Effects of the French Revolution.
The abrogation of the game laws and of the harsh provisions of the forestal code was one of the earliest measures of the revolutionary government; and the removal of the ancient restrictions on the chase and of the severe penalties imposed on trespassers upon the public forests, was immediately followed by unbridled license in the enjoyment of the newly conceded rights.
In the popular mind the forest was associated with all the abuses of feudalism, and the evils the peasantry had suffered from the legislation which protected both it and the game it sheltered, blinded them to the still greater physical mischiefs which its destruction was to entail upon them. No longer under the safeguard of the law, the crown forests and those of the great lords were attacked with relentless fury, unscrupulously plundered and wantonly laid waste, and even the rights of property in small private woods ceased to be respected. [Footnote: "Whole trees were sacrificed for the most insignificant purposes; the peasants would cut down two firs to make a single pair of wooden shoes."—Michelet, as quoted by Clave. Etudes, p. 24.
A similar wastefulness formerly prevailed in Russia, though not from the same cause. In St. Pierre's time, the planks brought to St. Petersburg were not sawn, but hewn with the axe, and a tree furnished but a single plank.] Various absurd theories, some of which are not even yet exploded, were propagated with regard to the economical advantages of converting the forest into pasture and plough-land, the injurious effects of the woods upon climate, health, facility of internal communication, and the like. Thus resentful memory of the wrongs associated with the forest, popular ignorance, and the cupidity of speculators cunning enough to turn these circumstances to profitable account, combined to hasten the sacrifice of the remaining woods, and a waste was produced which hundreds of years and millions of treasure will hardly repair.

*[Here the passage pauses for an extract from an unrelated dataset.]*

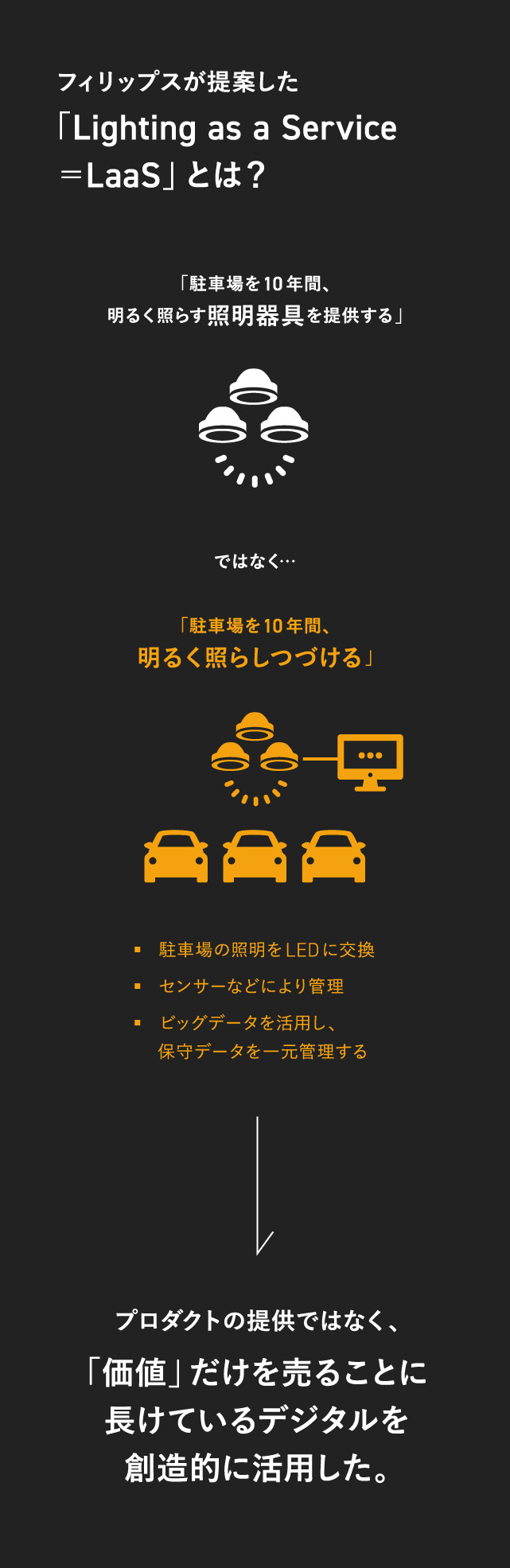 フィリップスは、米・ワシントンDCの公共駐車場25カ所の照明入れ替え案件において、照明機器そのものではなく、プロダクトとデジタルによるサービスとして「駐車場を10年間照らしつづける」という価値を売る提案をしました。

In the era of savage anarchy which followed the beneficent reforms of 1789, economical science was neglected, and statistical details upon the amount of the destruction of woods during that period are wanting. But it is known to have been almost incalculably rapid, and the climatic and financial evils, which elsewhere have been a more gradual effect of this cause, began to make themselves felt in France within three or four years after that memorable epoch. [Footnote: See Becquerel, Memoire sur les Forets, in the Mem. de l'Academie des Sciences, c. XXXV., p. 411 et seqq.
Similar circumstances produced a like result, though on a far smaller scale, in Italy, at a very recent period. Gallenga says: "The destruction of the majestic timber [between the Vals Sesia and Sessera] dates no farther back than 1848, when, on the first proclamation of the Constitution, the ignorant boor had taken it for granted that all the old social ties would be loosened, and therefore the old forest-laws should be at once set at naught."—Country Life in Piedmont, p. 136.]
Increased Demand for Lumber.
With increasing population and the development of new industries, come new drains upon the forest from the many arts for which wood is the material. The demands of the near and the distant market for this product excite the cupidity of the hardy forester, and a few years of that wild industry of which Springer's "Forest Life and Forest Trees" so vividly depicts the dangers and the triumphs, suffice to rob the most inaccessible glens of their fairest ornaments. The value of timber increases with its dimensions in almost geometrical proportion, and the tallest, most vigorous, and most symmetrical trees fall the first sacrifice. This is a fortunate circuinritiinco for the remainder of the wood; for the impatient lumberman contents himself with felling a few of the best trees, and then hurries on to take his tithe of still virgin groves.
The vast extension of railroads, of manufactures and the mechanical arts, of military armaments, and especially of the commercial fleets and navies of Christendom, within the present century, has incredibly augmented the demand for wood, [Footnote: Let us take the supply of timber for railroad-ties. According to Clave (p. 248), France had, in 1862, 9,000 kilometres of railway in operation, 7,000 in construction, half of which is built with a double track. Adding turn-outs and extra tracks at stations, the number of ties required for a single track is stated at 1,200 to the kilometre, or, as Clave computes, for the entire network of France, 58,000,000. This number is too large, for 16,000 + 8,000 for the double track halfway = 24,000, and 24,000 x 1,200 = 28,800,000. In an article in the Revue des Deux Mondes, July, 1863, Gandy states that 2,000,000 trees had been felled to furnish the ties for the French railroads, and as the ties must be occasionally renewed, and new railways have been constructed since 1863, we may probably double this number.
The United States had in operation on the first of January, 1872, 61,000 miles, or about 97,000 kilometres, of railroad. Allowing the same proportion as in France, the American railroads required 116,400,000 ties. The Report of the Agricultural Department of the United States for November and December, 1869, estimates the number of ties annually required for our railways at 30,000,000, and supposes that 150,000 acres of the best woodland must be felled to supply this number. This is evidently an error, perhaps a misprint for 15,000. The same authority calculates the annual expenditure of the American railroads for lumber for buildings, repairs, and cars, at $38,000,000, and for locomotive fuel, at the rate of 10,000 cords of wood per day, at $50,000,000.